# Konsole umschalten geht nicht

## 3PO

Hallo Zusammen,

ich habe hier ein seltsames Problem:

Wenn ich mit : <Strg>+<Alt><Fx> die Konsole wechseln will, dann geht das nicht.

Seltsamer weise ist auch der Monitor schwarz und der Cursor oben links ist eingefroren.

Wenn ich nun den Powerbutton drücke, so dass der PC herunterfährt, dann sehe ich die Konsole wieder.

Weiß Jemand wo ich den Fehler suchen muss?

----------

## Klaus Meier

Was für eine Grafikkarte und welche Treiber benutzt du.
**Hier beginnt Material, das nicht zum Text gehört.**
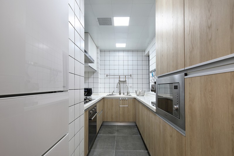 狹長(zhǎng)的廚房空間,完美的突出了日式風(fēng)格的主題,不浪費(fèi)每一寸地方。廚房的設(shè)計(jì),讓整個(gè)空間都變的通透又寬敞起來。
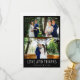 Modern photo collage "Love and thanks" design wedding thank you card in a black with white text design - customized with four of our favourite wedding day photos and your thank you message.
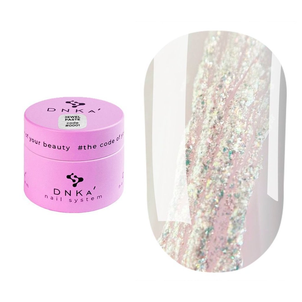 DNKa’ Gel Paste je profesionálna art-pasta s bohatými perleťovými pigmentmi a trblietavými časticami, ktoré vytvárajú úchvatné odlesky. Neobsahuje lepivú vrstvu a nevyžaduje vrchný top coat. Vďaka možnosti miešania odtieňov medzi sebou aj s inými produktami rozširuje kreatívne možnosti a umožňuje dosiahnuť ohromujúce efekty.
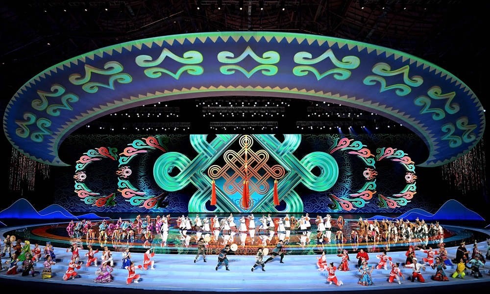 天津年畫、蘇州園林、福建土樓、西藏布達拉宮……在開幕式的代表團入場環(huán)節(jié),各省區(qū)市的人文風情和地標元素通過剪紙、國潮風彩繪等藝術(shù)風格展現(xiàn),搭配著《鄂倫春小唱》《美麗的草原我的家》《駿馬奔馳保邊疆》等耳熟能詳?shù)膬?nèi)蒙古音樂,讓觀眾領(lǐng)略到中華民族輝煌璀璨的文化。
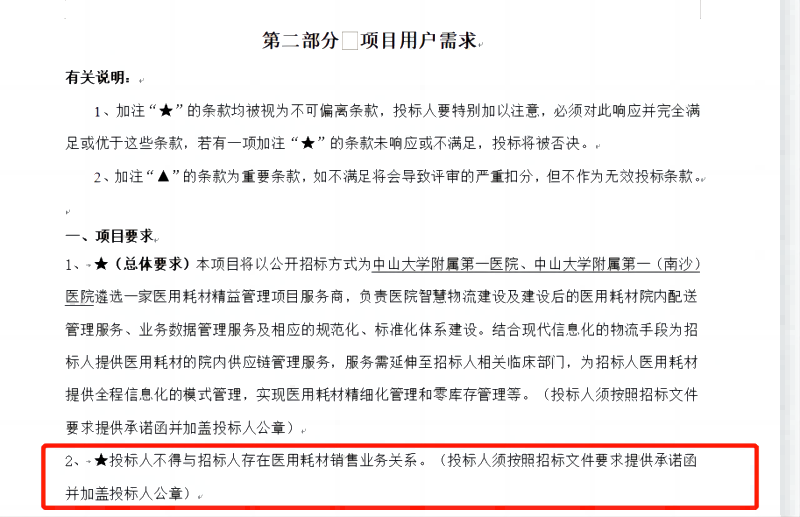因此,在西安市第一医院、中山大学附属第一医院等一些大型三甲医院SPD项目的招标公告中,就明确要求:投标人不得与招标人存在业务关系。
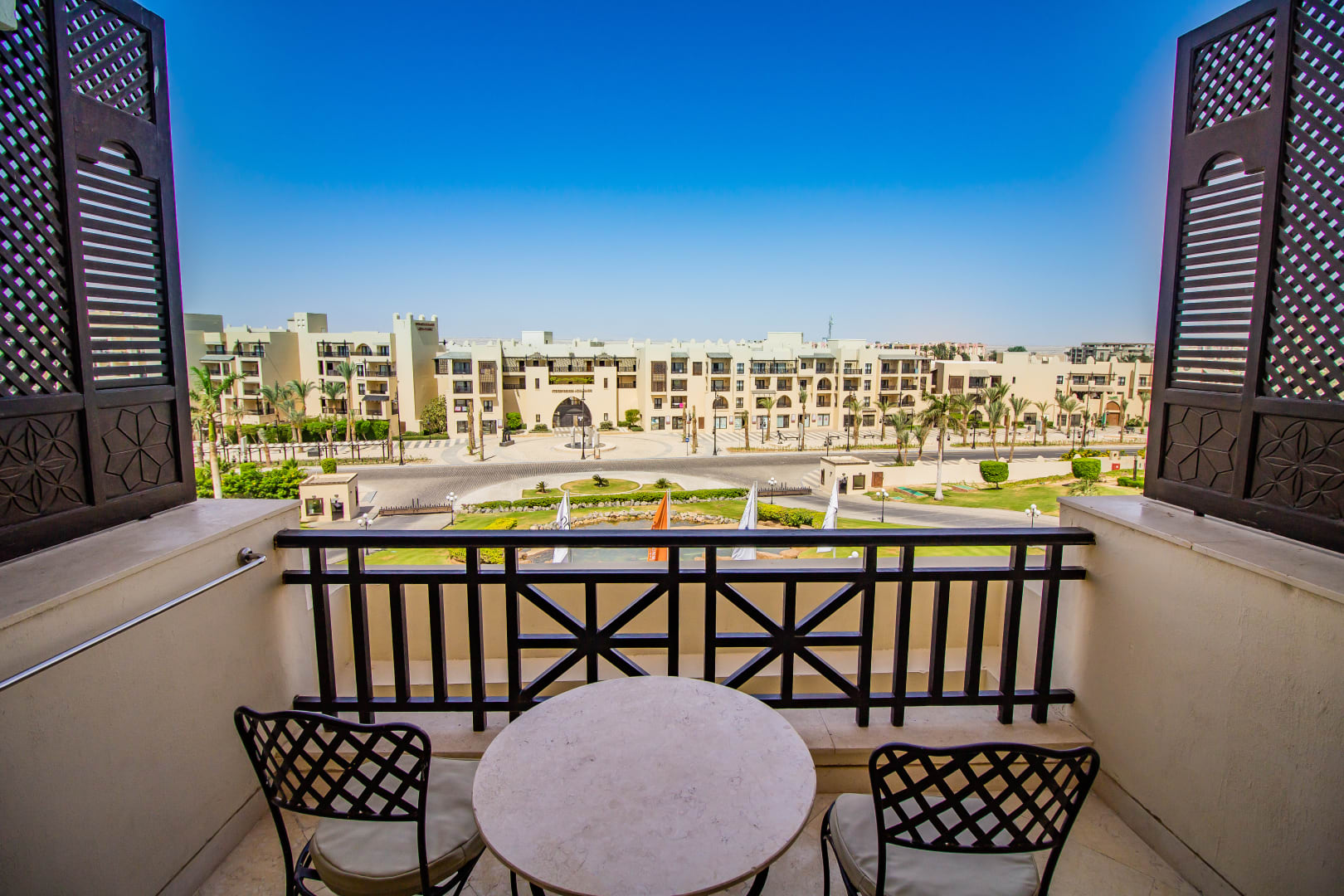 AusblickBalkon-Blick auf das Steigenberger Aqua Magic, normalerweise auch mit Blick auf das Gebirge (wenn es weniger diesig ist)
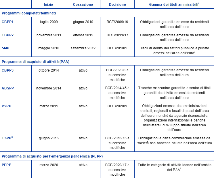 Il PAA è costituito dal terzo Programma per l’acquisto di obbligazioni garantite (third covered bond purchase programme, CBPP3), dal Programma di acquisto di titoli garantiti da attività (asset-backed securities purchase programme, ABSPP), dal Programma di acquisto per il settore pubblico (public sector purchase programme, PSPP) e dal Programma di acquisto per il settore societario (corporate sector purchase programme, CSPP). La BCE non acquista titoli nell’ambito del CSPP. Maggiori informazioni sul PAA sono reperibili nel sito Internet della BCE.
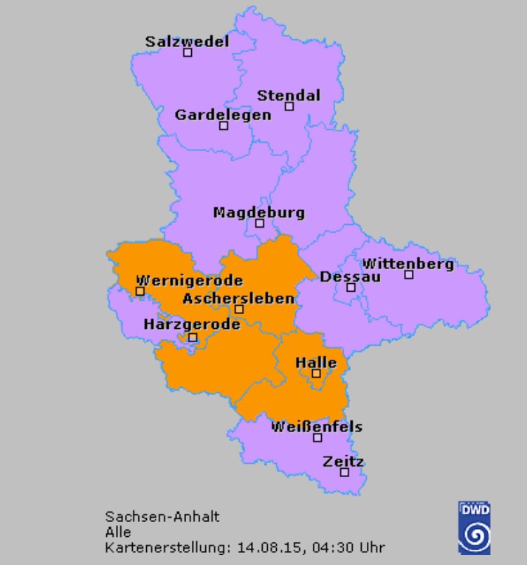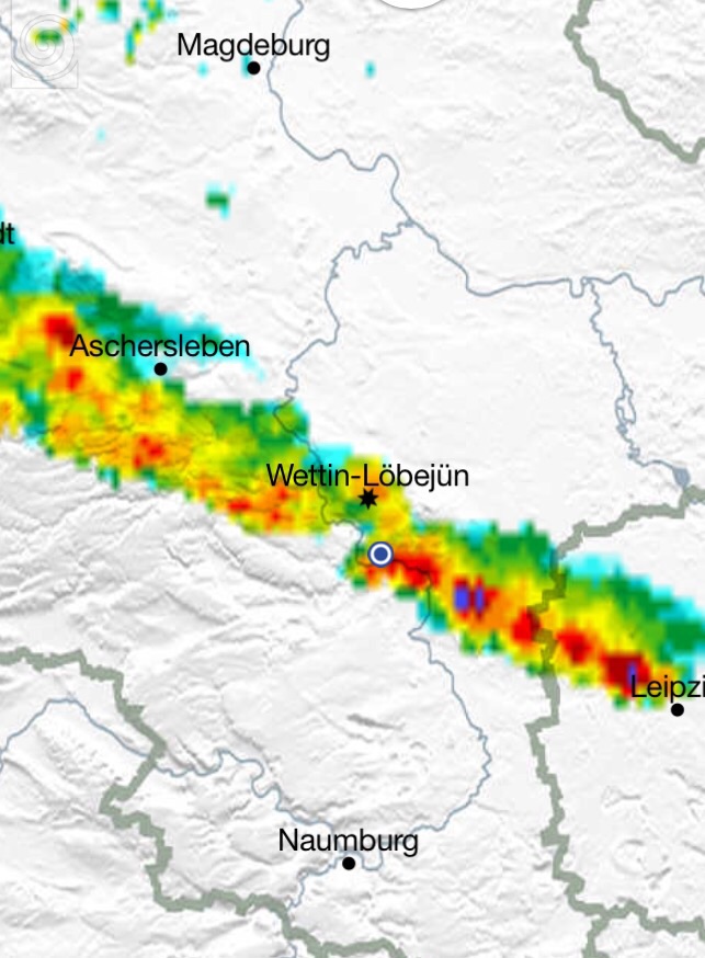 Verlängerung der Warnung: Es treten weiterhin einzelne Gewitter aus Südost auf, dabei Starkregen um 20 l/qm in kurzer Zeit, stürmische Böen zwischen 65 und 75 km/h (Bft 8) und kleinkörniger Hagel. ACHTUNG! Hinweis auf mögliche Gefahren: Örtlich kann es Blitzschlag geben. Bei Blitzschlag besteht Lebensgefahr! Vereinzelt können beispielsweise Bäume entwurzelt und Dächer beschädigt werden. Achten Sie besonders auf herabstürzende Äste, Dachziegel oder Gegenstände. Während des Platzregens sind kurzzeitig Verkehrsbehinderungen möglich.
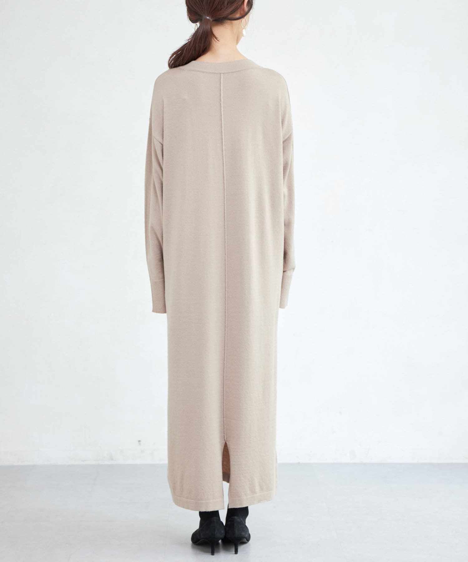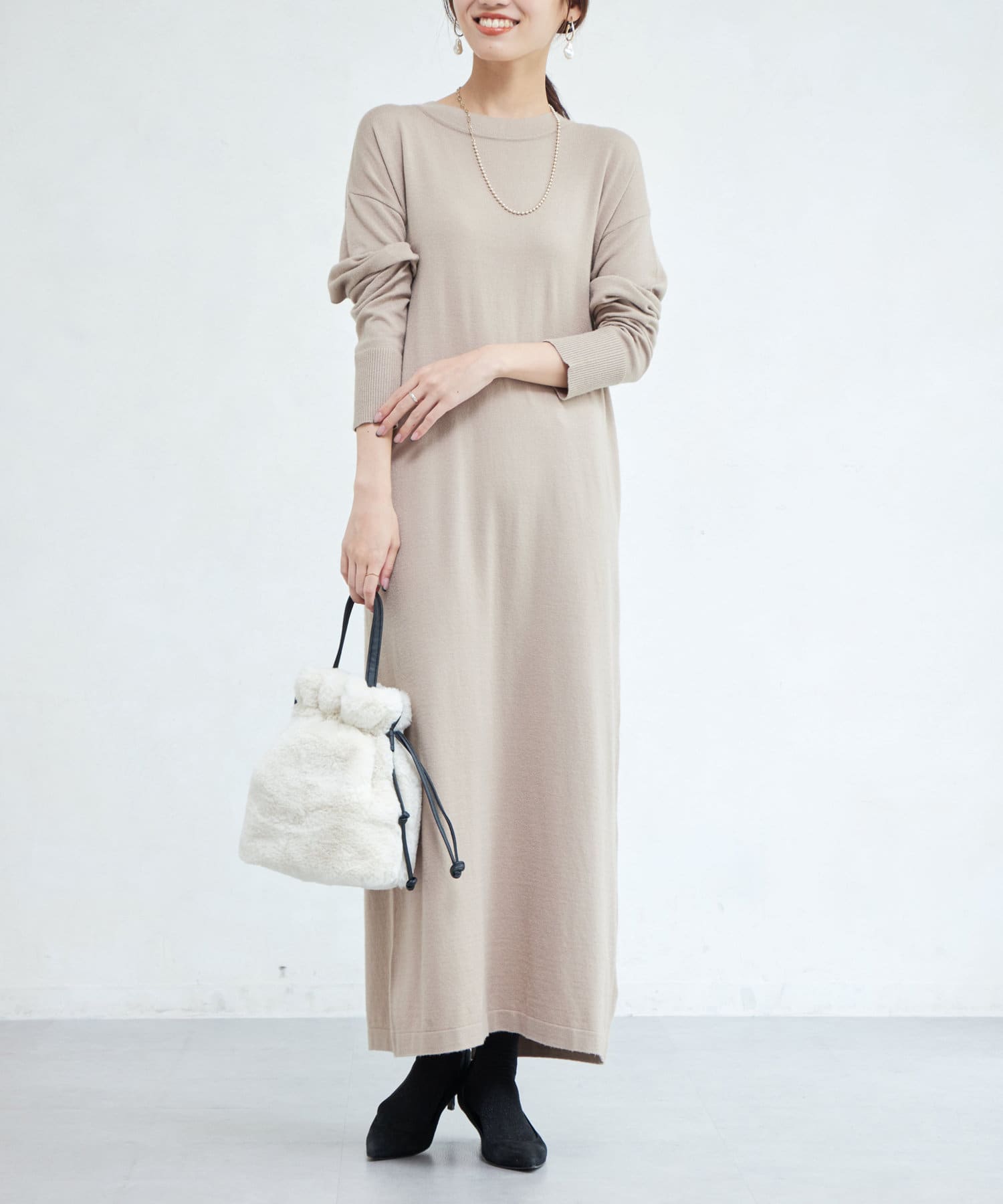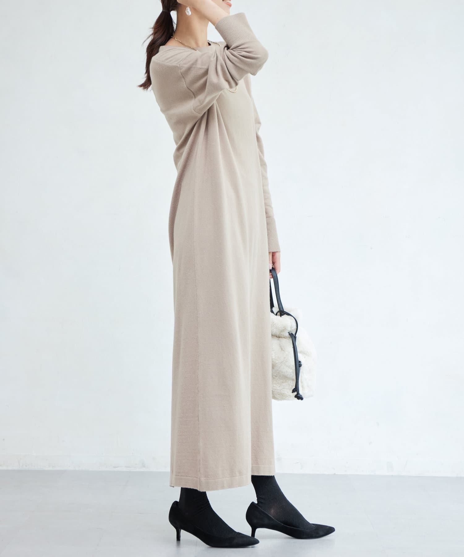 体のラインを強調しすぎずきれいなラインのワンピース。
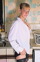 Carla is wearing a white blouse, black stockings, black thong and black heels. She smokes and opens her shaven and wet pussy.
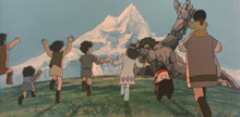 Tandis que la résistance s'organise au village autour de Ganko et Pottom, Horus, qui a pris le dessus sur ses questionnements, sort de la forêt. Il veut réunir les hommes et se battre. Pour cela, l'épée du soleil doit être forgée par leurs efforts conjoints, les réunir et les guider pour vaincre Grunwald. C'est également le moment de la rédemption pour Hilda. Elle offre sa médaille de vie à Flip et Koro et les sauve de la tempête de neige. L'épée forgée, Horus se dresse devant Grunwald tandis que Mogue vient s'acquitter de sa promesse et se joint à la bataille.
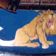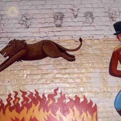 Dompteur* avec cerceau 300 ht avec un lion bondissant.
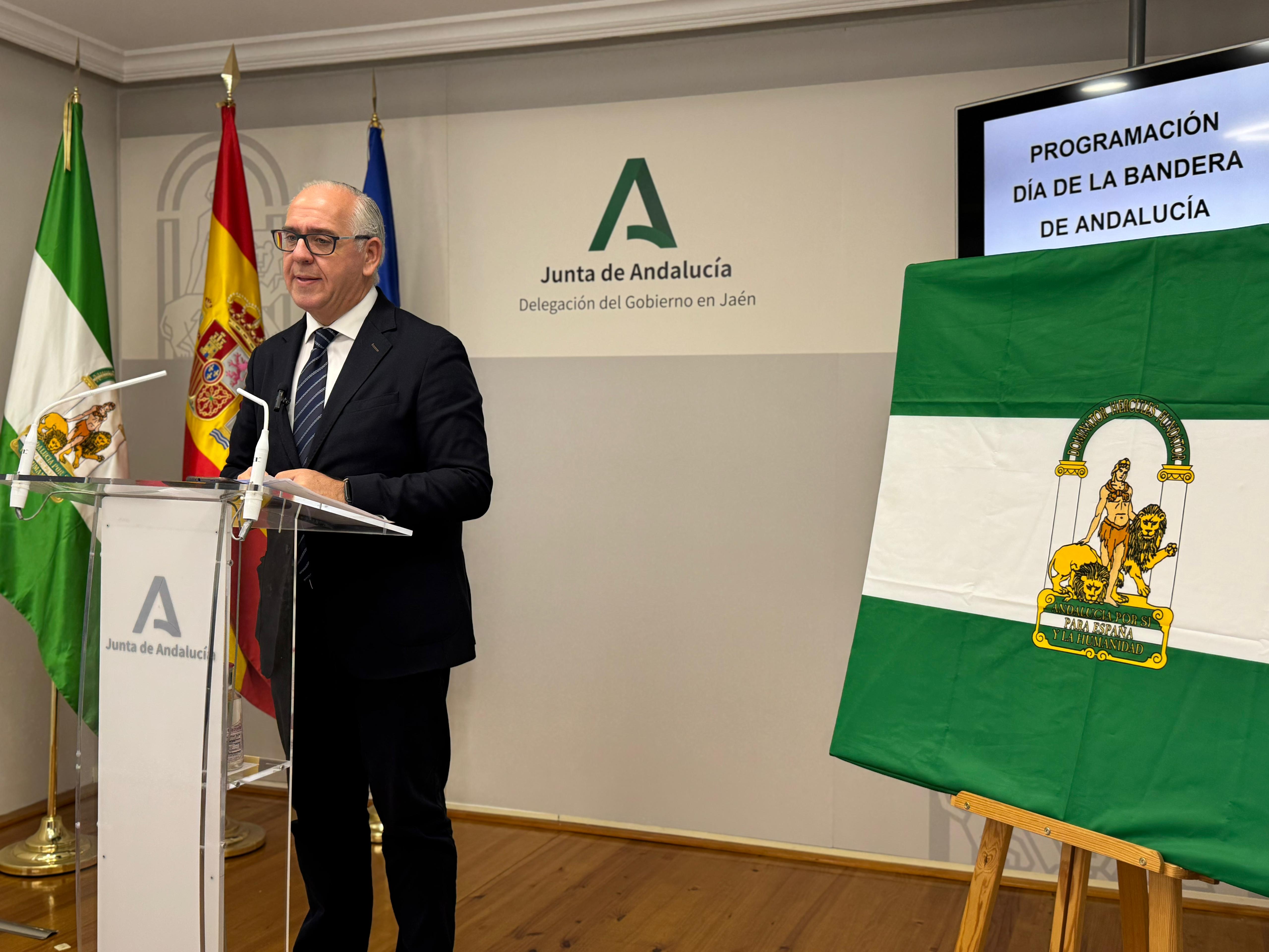 «Para el Gobierno de la Junta de Andalucía, la bandera garantiza el derecho a la autonomía y a los principios de igualdad y solidaridad; una bandera que es símbolo de nuestro pasado, nuestro presente y nuestro futuro, un presente y un futuro que es moderación y diálogo», ha dicho el delegado del Gobierno andaluz, Jesús Estrella, que ha sido el encargado de informar sobre las actividades este martes.

Framebuffer? Hast du etwas gemacht, was dazu geführt hat, dass es nicht mehr geht?

----------

## 3PO

 *Klaus Meier wrote:*   

> Was für eine Grafikkarte und welche Treiber benutzt du.

 

Ist eine OnBoard Grafikkarte --> Zotac IONITX F-E

Treiber: Nvidia 195.36.24

 *Quote:*   

>  Framebuffer? Hast du etwas gemacht, was dazu geführt hat, dass es nicht mehr geht?

 

Gute Frage, wenn ich das nur wüsste...^^

----------